Die Regierung von Premier Petr Fiala (ODS) kann mit dem Vertrauen der Abgeordnetenkammer weiterregieren. Die Opposition scheiterte mit ihrem Versuch, dem Kabinett das Misstrauen auszusprechen. Die auf Bestreben der ANO einberufene außerordentliche Sitzung dauerte zwei Tage. Die Debatten begannen am Dienstagmorgen (17.1.), und nachdem in der Nacht von Dienstag auf Mittwoch eine Pause eingelegt worden ist, endete sie am Donnerstag (19.1.) kurz nach Mitternacht mit einem wenig überraschenden Ergebnis. Die Abgeordneten stimmten mit Regierungsmehrheit für das Vertrauen in die Regierung.
Bild: Facebook/Poslanecká sněmovna Parlamentu České republiky
Das Ergebnis der Vertrauensabstimmung stand von Anfang an fest. Da aber das Fernsehen die Sitzung zum großen Teil live übertrug, nutzten die Oppositions-, aber auch die Regierungsvertreter das Parlament vor allem als Wahlkampfbühne für "ihre" jeweiligen Kandidaten Andrej Babiš (ANO) und Petr Pavel in der zweiten Runde der Präsidentschaftswahl.
Einige Regierungspolitiker haben der ANO vorgeworfen, die Vertrauensdebatte sei Teil der Kampagne von Babiš. ANO-Vertreter bestritten dies und wiesen darauf hin, dass Babiš gar nicht im Unterhaus anwesend war.
Radim Fiala, Fraktionschef der rechten SPD, kritisierte die Regierungsbank scharf. Die Minister, so sagte er, sprachen zunächst darüber, dass alles in Ordnung sei. "Nur irgendwie haben die Leute kein Geld, die Lebensmittelpreise steigen, die Wohnungskosten sind unerschwinglich", so der oppositionelle Namensvetter des Premiers. Er fügte hinzu, er glaube, dass das Kabinett bei der Lösung der Krise "schlecht, langsam und dumm" vorgehe.
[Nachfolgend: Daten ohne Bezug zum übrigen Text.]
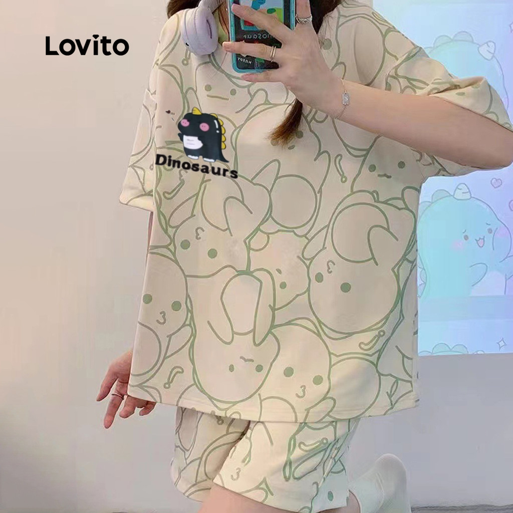 Lovito Conjunto Pijama Coreano Algodão 2 Peças Confortável Uso Externo LNE113171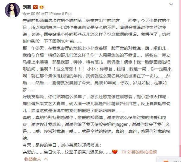 今天(10月6日)凌晨,刘芸在微博为老公郑钧 庆生,发长文怀念二人恋爱的过往:“亲爱的郑师傅,谢谢你这么多年对我的疼爱和包容,谢谢你让我成长,谢谢你给了我天使般美好的jagger......谢谢你教会了我什么是爱”。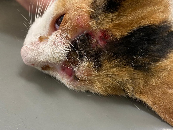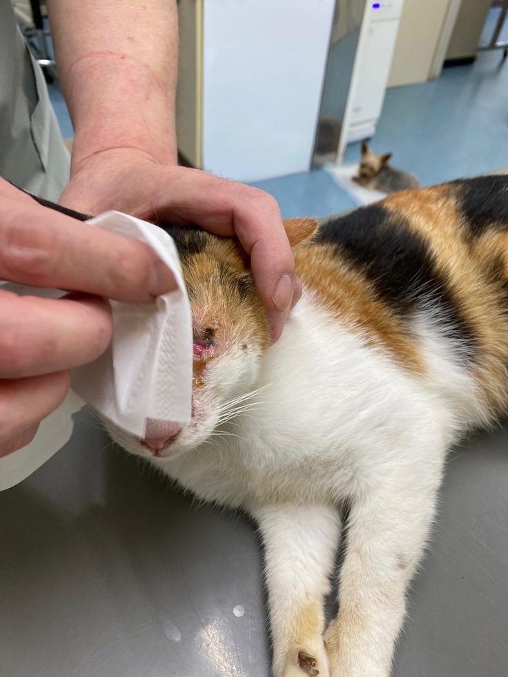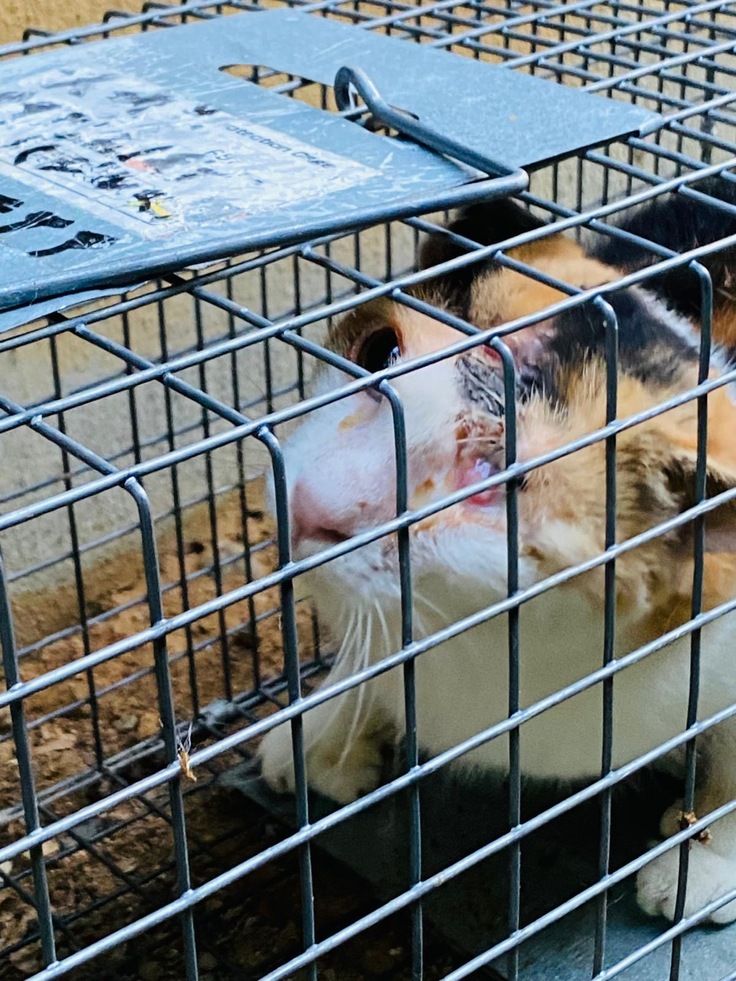 ひどく怪我をした様子のメス猫を捕獲しました。

SPD-Abgeordnete Lucie Šafránková verglich das Arbeitstempo der Regierung in der Sozialpolitik mit dem Tempo einer "Schnecke im hohen Gras", das Jahr der Regierung Fiala war ihrer Meinung nach ein "Trauerspiel". Martin Kolovratník (ANO) kritisierte das Verkehrsministerium. Er warf Minister Martin Kupka (ODS) vor, viel zu langsam auf die Energiekrise reagiert zu haben.
Die Abgeordneten der Opposition befassten sich in ihrer Regierungskritik auch mit der Gesundheitsversorgung, der Kriminalität und der Betreuung ukrainischer Flüchtlinge in der Tschechischen Republik. Je später der Abend, umso kurioser die Rednerbeiträge. Der ANO-Abgeordnete Hubert Lang beschloss, einen Teil seiner Rede im Morse-Alphabet zu klopfen. Vize-Parlamentspräsident Jan Skopeček (ODS) appellierte daraufhin an die Abgeordneten, sich um die Wahrung ihrer Würde zu bemühen.
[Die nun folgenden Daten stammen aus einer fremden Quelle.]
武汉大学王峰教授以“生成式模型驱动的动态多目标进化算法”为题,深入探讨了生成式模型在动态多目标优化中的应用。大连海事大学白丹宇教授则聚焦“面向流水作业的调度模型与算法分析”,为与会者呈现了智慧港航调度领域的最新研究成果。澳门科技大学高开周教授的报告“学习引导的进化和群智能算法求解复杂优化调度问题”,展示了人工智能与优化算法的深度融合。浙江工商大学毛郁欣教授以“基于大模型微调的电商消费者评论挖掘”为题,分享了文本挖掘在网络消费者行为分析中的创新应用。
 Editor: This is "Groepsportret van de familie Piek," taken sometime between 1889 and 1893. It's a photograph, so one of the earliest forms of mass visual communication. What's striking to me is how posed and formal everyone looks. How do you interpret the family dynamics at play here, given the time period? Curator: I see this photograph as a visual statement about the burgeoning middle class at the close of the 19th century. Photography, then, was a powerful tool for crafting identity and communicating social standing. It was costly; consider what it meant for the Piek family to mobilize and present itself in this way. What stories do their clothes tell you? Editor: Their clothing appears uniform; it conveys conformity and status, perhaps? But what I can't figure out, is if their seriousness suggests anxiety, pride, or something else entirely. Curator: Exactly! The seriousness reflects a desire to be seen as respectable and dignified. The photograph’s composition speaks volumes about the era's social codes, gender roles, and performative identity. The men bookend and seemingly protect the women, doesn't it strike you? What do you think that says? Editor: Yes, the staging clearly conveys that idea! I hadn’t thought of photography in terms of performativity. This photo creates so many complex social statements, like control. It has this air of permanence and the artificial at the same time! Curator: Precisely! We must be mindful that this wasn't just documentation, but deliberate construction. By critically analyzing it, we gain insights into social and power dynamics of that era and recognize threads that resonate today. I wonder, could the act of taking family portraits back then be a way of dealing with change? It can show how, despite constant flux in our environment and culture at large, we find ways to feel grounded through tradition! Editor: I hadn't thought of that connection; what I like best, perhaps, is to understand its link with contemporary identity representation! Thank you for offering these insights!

Premier Fiala erwiderte, wenn die Opposition eine vernünftige Debatte führen wolle, solle sie der Regierung substanzielle Fragen stellen, sich nicht beschweren und nicht jammern. "Sie weinen und beschweren sich darüber, dass Mitglieder der Regierung sprechen, argumentieren und sagen, was die Regierung getan hat, was in den einzelnen Ministerien getan wurde. Und dann, wenn die Minister aufhören zu berichten und Sie sprechen können, beschweren Sie sich wieder darüber, dass die Mitglieder der Regierung nicht sprechen", warf der Premierminister der Opposition vor.
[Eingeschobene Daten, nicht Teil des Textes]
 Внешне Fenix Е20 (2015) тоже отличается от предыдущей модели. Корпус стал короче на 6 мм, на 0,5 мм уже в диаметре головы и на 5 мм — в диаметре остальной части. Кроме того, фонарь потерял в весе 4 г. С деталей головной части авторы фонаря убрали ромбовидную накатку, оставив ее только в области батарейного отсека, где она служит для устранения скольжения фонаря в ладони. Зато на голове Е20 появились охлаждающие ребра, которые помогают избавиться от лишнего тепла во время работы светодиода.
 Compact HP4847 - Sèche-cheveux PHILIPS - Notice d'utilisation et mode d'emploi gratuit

Bei der Vertrauensabstimmung unterstützten 81 der anwesenden Abgeordneten den Misstrauensantrag, während 102 Mandatare der Regierung das Vertrauen aussprachen. Misstrauensvoten sind im tschechischen Parlamentarismus sehr beliebt. Die jüngste Sitzung war bereits der 17. Versuch einer Opposition, eine amtierende Regierung zu stürzen. Bislang scheiterten alle - bis auf einen. 2009 wurde die Regierung von Premier Mirek Topolánek (damals ODS) auf diesem Weg abgesetzt.